Jean-Yves Archer : Les ex-Fralib sont restés dans les mémoires pour la longueur de leur conflit social les opposant au propriétaire initial ( Unilever ) de l'usine de Gémenos ( Bouches du Rhône ) à savoir 1336 jours. Plusieurs plans de sauvegarde de l'emploi furent annulés par la Justice et finalement l'épilogue du conflit a consisté en une aide d'Unilever à hauteur de 19,26 millions d'euros ( cession symbolique des matériels, etc ) dans le but de fonder une Scop, c'est-à-dire une société coopérative ouvrière de production.
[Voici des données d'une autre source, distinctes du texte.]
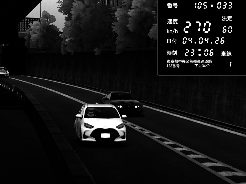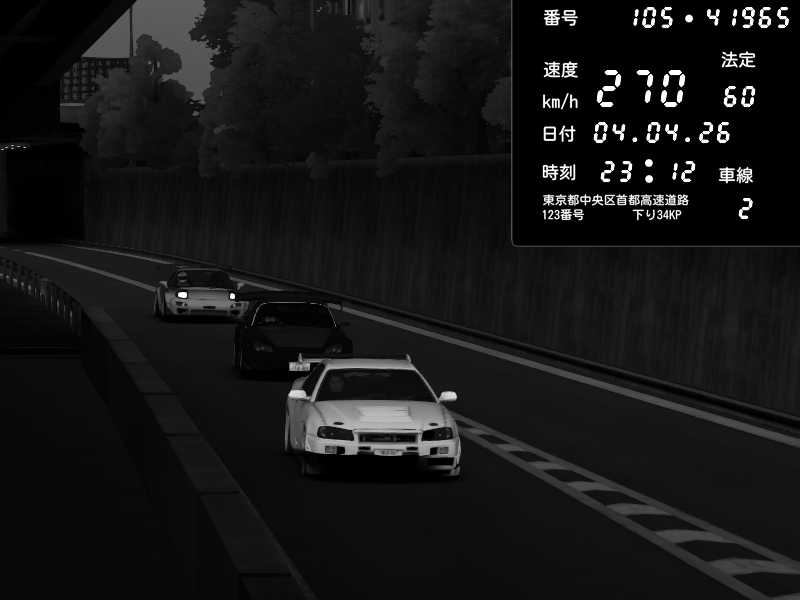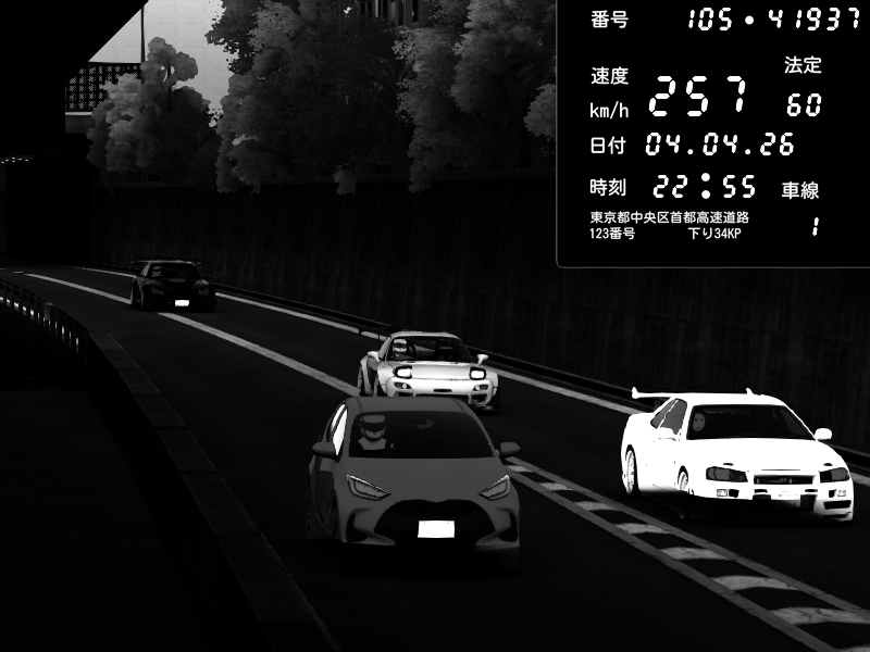| 2026/04/04 16:09 | C1外回り 京橋 | 259 / 60 km/h | Kurokabe/S.R.C | Nissan Skyline GT-R R34 Nismo Omori Factory S1 | CAPTURE |
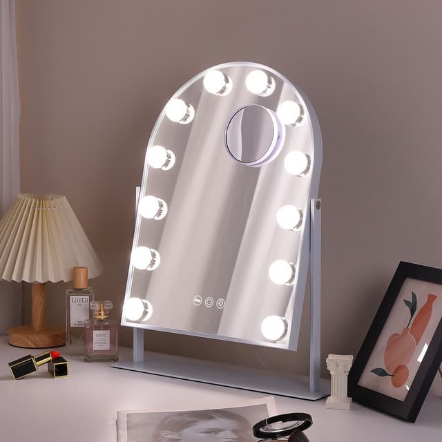 Sminkespeil med lamper rundt selve speilet gir en følelse av luksus og leverer studiokvalitetsbelysning. De er ideelle for profesjonelle make-up artister og skjønnhetsentusiaster som ønsker den ultimate glamourfølelsen.
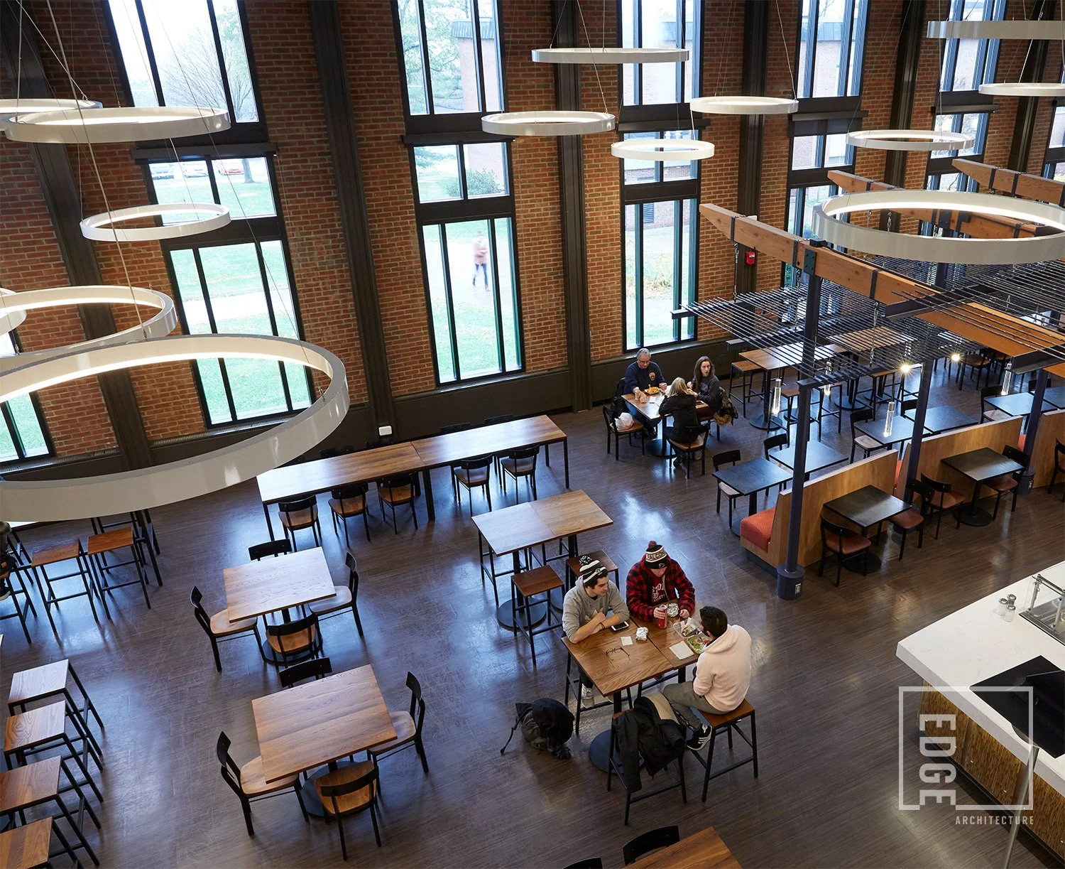 The design creates strong connections between spaces in the Dining Hall, improving the overall experience. Uplifted interiors provide healthier environments for all.
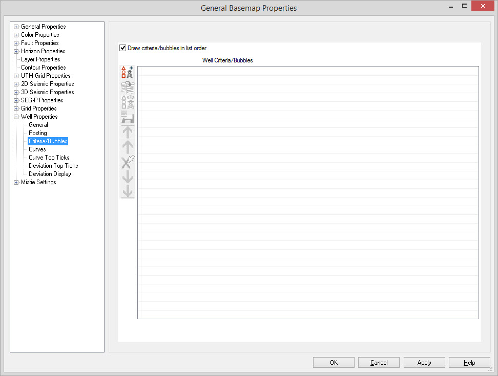 Criteria and bubbles are used to change the appearance of a well based information associated with the well. Wells that meet the criteria can by highlighted using a shape, or their well symbols can have unique color and size properties applied. Additionally, you can vary the size of the shapes and symbols using the bubble tools. Another option allows you to create a pie graph representing production/injection data centered around the well symbol.
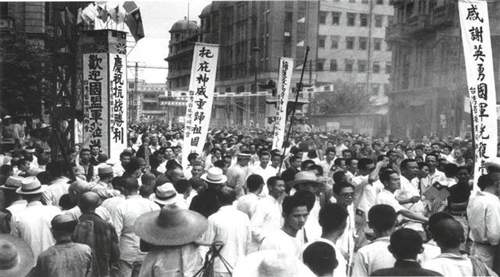 1945年10月25日,中國戰區臺灣省受降儀式在臺北舉行,日本駐臺總督安藤利吉在臺北公會堂內向中國臺灣省行政長官陳儀呈交降書、繳械投降,臺灣、澎湖列島重歸中國主權管轄,再也不是日本殖民地!芭_北40余萬市民……老幼俱易新裝,家家遍懸彩燈,相逢道賀,如迎新歲,鞭炮鑼鼓之聲,響徹云霄,獅龍遍舞于全市,途為之塞。”“家家戶戶,無比歡欣,祭祖謝神,向先民冥中告知臺灣已回歸祖國!10月25日這一天,也在1946年被確定為“光復節”,成為臺灣民眾舉家歡慶的歡樂節日。

D'un côté la détermination et un certain courage assidu des ex-salariés ont permis de remporter des victoires. Ainsi, il y a eu le lancement d'une gamme de thé précisément baptisée 1336 et une marque bio en 2016.

La renommée de Scop-TI ( Société coopérative ouvrière provençale de thés et infusions ) a commencé à s'établir et ainsi, cette jeune entreprise a réussi à convaincre de grands distributeurs de lui confier des productions d'enseigne autrement dit des MDD ( marques de distributeurs ). C'est le cas pour Leclerc, Intermarché et Système U.

Mais ces premières vagues de succès n'ont pas drainé de solution à la crise du besoin en fonds de roulement : il faut procéder aux achats et à la fabrication avant d'être payé. Ce classique effet de ciseaux s'est trouvé accentué par le peu de trésorerie de départ ( 2,8 millions d'euros ) et par le fait que le crédit fournisseurs pénalise le fabricant surtout s'il travaille avec la grande distribution.

A l'heure actuelle, le déficit mensuel moyen est d'environ 100.000 euros pour un chiffre d'affaires 2017 escompté d'un peu moins de 3 millions d'euros. En 2016, la Scop avait atteint 1,8 million d'euros avec des référencements nationaux chez Carrefour et Auchan en plus des productions MDD.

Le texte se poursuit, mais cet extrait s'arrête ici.